Split Linked List in Parts - LeetCode javascript solutions

Problem

Given the head of a singly linked list and an integer k, split the linked list into k consecutive linked list parts.

The length of each part should be as equal as possible: no two parts should have a size differing by more than one. This may lead to some parts being null.

The parts should be in the order of occurrence in the input list, and parts occurring earlier should always have a size greater than or equal to parts occurring later.
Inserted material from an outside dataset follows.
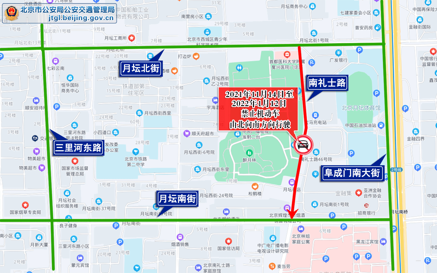经市有关部门批准,西城区南礼士路将进行污水管道施工。为保证施工期间道路交通安全与畅通,根据《中华人民共和国道路交通安全法》及《中华人民共和国道路交通安全法实施条例》有关规定,决定2021年11月14日至2022年1月12日,南礼士路(南礼士路与月坛北街相交路口至南礼士路与月坛南街相交路口)北向南方向禁止机动车通行,过往车辆可绕行月坛北街、三里河东路、月坛南街、阜成门南大街等周边道路通行。

Return **an array of the *k* parts**.

Example 1:

Input: head = [1,2,3], k = 5
Output: [[1],[2],[3],[],[]]
Explanation:
The first element output[0] has output[0].val = 1, output[0].next = null.
The last element output[4] is null, but its string representation as a ListNode is [].

Example 2:

Input: head = [1,2,3,4,5,6,7,8,9,10], k = 3
Output: [[1,2,3,4],[5,6,7],[8,9,10]]
Explanation:
The input has been split into consecutive parts with size difference at most 1, and earlier parts are a larger size than the later parts.

Constraints:

The number of nodes in the list is in the range [0, 1000].
0 <= Node.val <= 1000
1 <= k <= 50

Solution

/**
 * Definition for singly-linked list.
 * function ListNode(val, next) {
 *     this.val = (val===undefined ? 0 : val)
 *     this.next = (next===undefined ? null : next)
 * }
 */
/**
 * @param {ListNode} head
 * @param {number} k
 * @return {ListNode[]}
 */
var splitListToParts = function(head, k) {
    var count = getListCount(head);
    var maxCountPerPart = Math.ceil(count / k);
    var res = [];
    var node = head;
    for (var i = 0; i < k; i++) {
        var partCount = count > (maxCountPerPart - 1) * (k - i)
            ? maxCountPerPart
            : maxCountPerPart - 1;
        var nextNode = sliceListPart(node, partCount);
        res.push(node);
        node = nextNode;
        count -= partCount;
    }
    return res;
};

var getListCount = function(head) {
    var count = 0;
    var node = head;
    while (node) {
        count++;
        node = node.next;
    }
    return count;
};

var sliceListPart = function(node, count) {
    var n = 0;
    while (n < count) {
        n++;
        if (n === count) {
            var tmp = node.next;
            node.next = null;
            return tmp;
        } else {
            node = node.next;
        }
    }
    return node;
};

Explain:

nope.

Complexity:

Time complexity : O(n).
Space complexity : O(n).